La habilidad para comunicar expresa la esencia humana, esa identidad


general de la propia vida, el sentimiento, la emoción, la razón. El
hombre, desesperadamente, intenta entender y que lo entiendan; en
esa eterna obsesión del hombre de apoderarse del sentido, reflexiona en
base a una ilusión que se manifiesta como propulsor de cambio.

El hombre aprovecha cada sentido para expresar cualquier sensación,


sentimiento, o argumento, no escatima, unificando los sentidos y las
artes para conmocionar y remembrar el error, para que estos
permanezca en las mentes pero no en las acciones. El lenguaje
reafirma la trascendencia y el ciclo: persistir eternamente, constituir
nuevos algoritmos. Hay que leer un libro, o ver cine, ver esa pantalla
superflua que muestra sustancias con la intención de hacer este mundo
algo mejor. El lenguaje siempre, evidentemente, quiere cambiar los
ciclos, cambiar el mundo.

El lenguaje y la comunicación intentan cambiar para trascender, para


entenderse, no hay comunicación sin reflexión, sin que el hombre se
piense a sí mismo. Es una reflexión aunada de los sentidos, lo que lo
hace completo, integro. Y aunque usualmente se hable solo de la visión
y el oído, la comunicación también implica aromas, sabores y olores. La
reflexión se alía con quien expresa y a quien se le es expresado algo
empatizando estrechamente por medio de cada sentido.

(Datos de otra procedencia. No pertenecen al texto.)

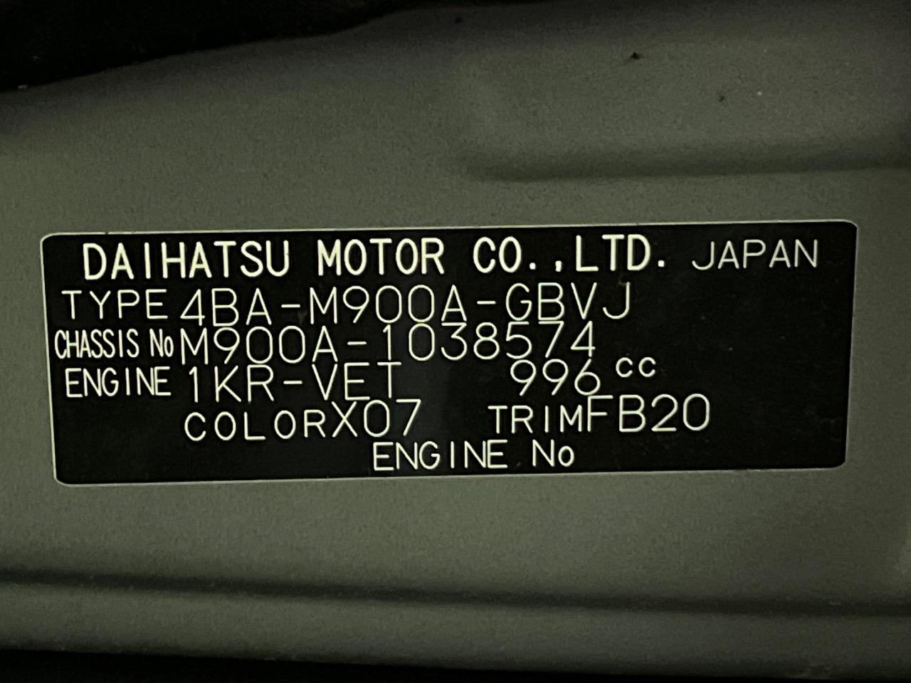 | Chassis No | M900A-1038574 |

El lenguaje y el comunicar son un truco y una magia. Como un


ilusionista, comunicar es una mentira hecha realidad, una creación. Tal
mentira (o creación) irrumpe en nuestra segunda gran obsesión: ser
Dios. El lenguaje crea a partir de mentiras.

El lenguaje nos hace creadores de nosotros mismos en conjunto, pues


Dios no puede ser más que imaginarios de un grupo, que se relacionan.
El lenguaje nos hace divinos porque concebimos la ilusión trascendente
de varias mentes.

Comunicarse es el arte de las apariencias y las fantasías, por ello, es


capaz de decirnos cómo la realidad misma se constituye como una
construcción ideológica, social o simbólica. En este sentido, la ficción del
lenguaje es más real que la realidad misma. Para entender el mundo de
hoy necesitamos del lenguaje; en él encontramos esa dimensión crucial,
que advierte que no estamos listos para confrontar en nuestra propia
realidad.

Si todo es mentira, si hay mentiras aceptadas por todos para no


volvernos locos, mentiras aceptadas por todos para que no se permita a
nadie acercarse a la locura. Mentiras que aseguran la permanencia de
un orden, mentiras que nos acarician a diario, y la mentira de cada uno
que es cada mundo personal, individual, cada uno desde su máscara; si
todo es mentira, todo puede ser verdad. Crear verdades desde la
mentira habitual, eso permite la comunicación, crear ideas porque dice,
argumenta, expone, o como mínimo plantea una cuestión desde la
mentira, es decir desde una narración inventada, desde la ficción.
Pero es una mentira porque, desde luego, hemos partido de la nada. Ya
cuando los seres empezaron a comunicar empezaron a crear.